**Task objective**
Leaving out all pictures, transcribe the lines below exactly, from the first through the line containing "早乙女 凪々海さんの総格は33画の4点!".

**Supplied material**
::::

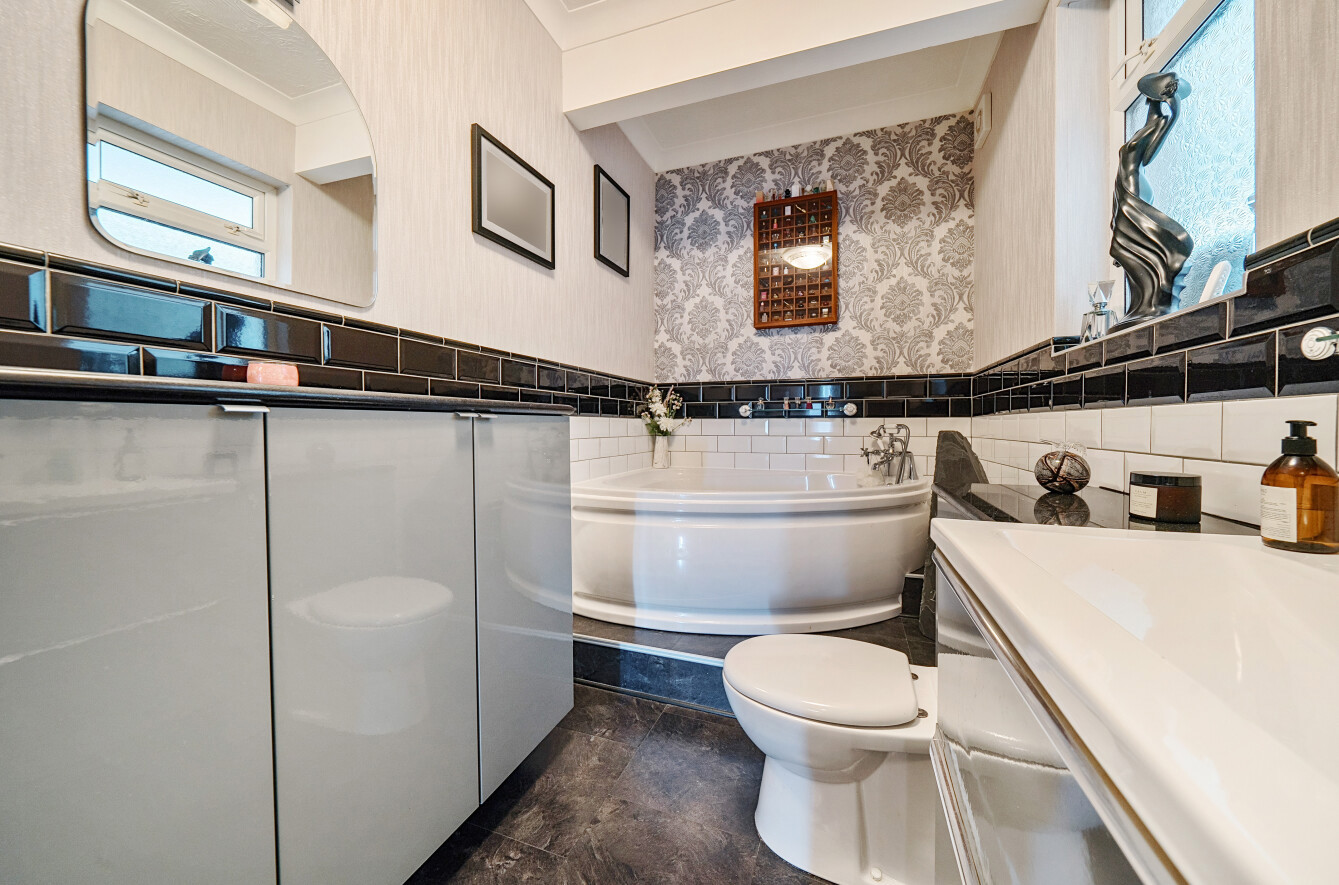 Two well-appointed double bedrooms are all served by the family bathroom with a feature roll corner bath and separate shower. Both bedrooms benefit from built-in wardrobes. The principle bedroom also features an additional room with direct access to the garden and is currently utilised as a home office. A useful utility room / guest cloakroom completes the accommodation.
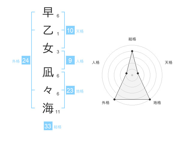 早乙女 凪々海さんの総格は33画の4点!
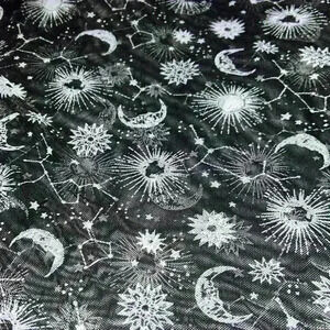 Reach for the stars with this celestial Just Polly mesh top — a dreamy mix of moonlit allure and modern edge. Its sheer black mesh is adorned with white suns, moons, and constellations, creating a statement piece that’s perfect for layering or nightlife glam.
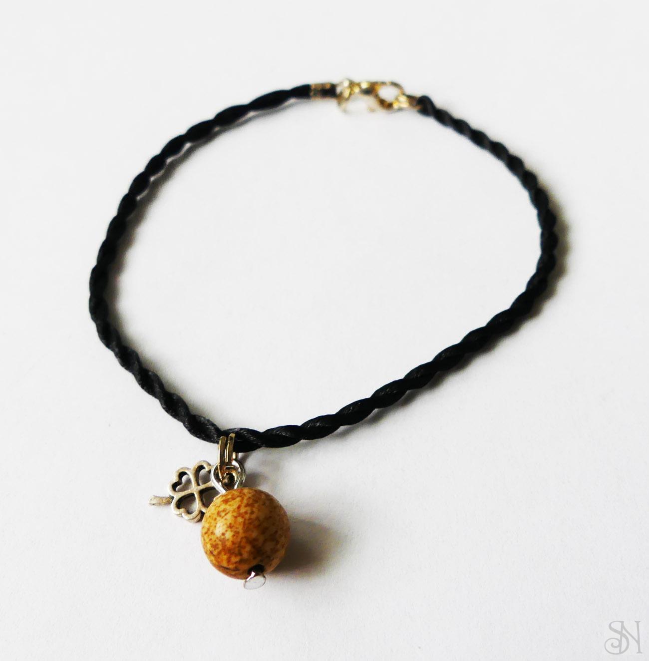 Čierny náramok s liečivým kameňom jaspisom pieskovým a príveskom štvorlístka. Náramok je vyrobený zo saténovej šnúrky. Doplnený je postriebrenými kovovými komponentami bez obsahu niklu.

::::

**Answer for this exercise**
 Two well-appointed double bedrooms are all served by the family bathroom with a feature roll corner bath and separate shower. Both bedrooms benefit from built-in wardrobes. The principle bedroom also features an additional room with direct access to the garden and is currently utilised as a home office. A useful utility room / guest cloakroom completes the accommodation.
 早乙女 凪々海さんの総格は33画の4点!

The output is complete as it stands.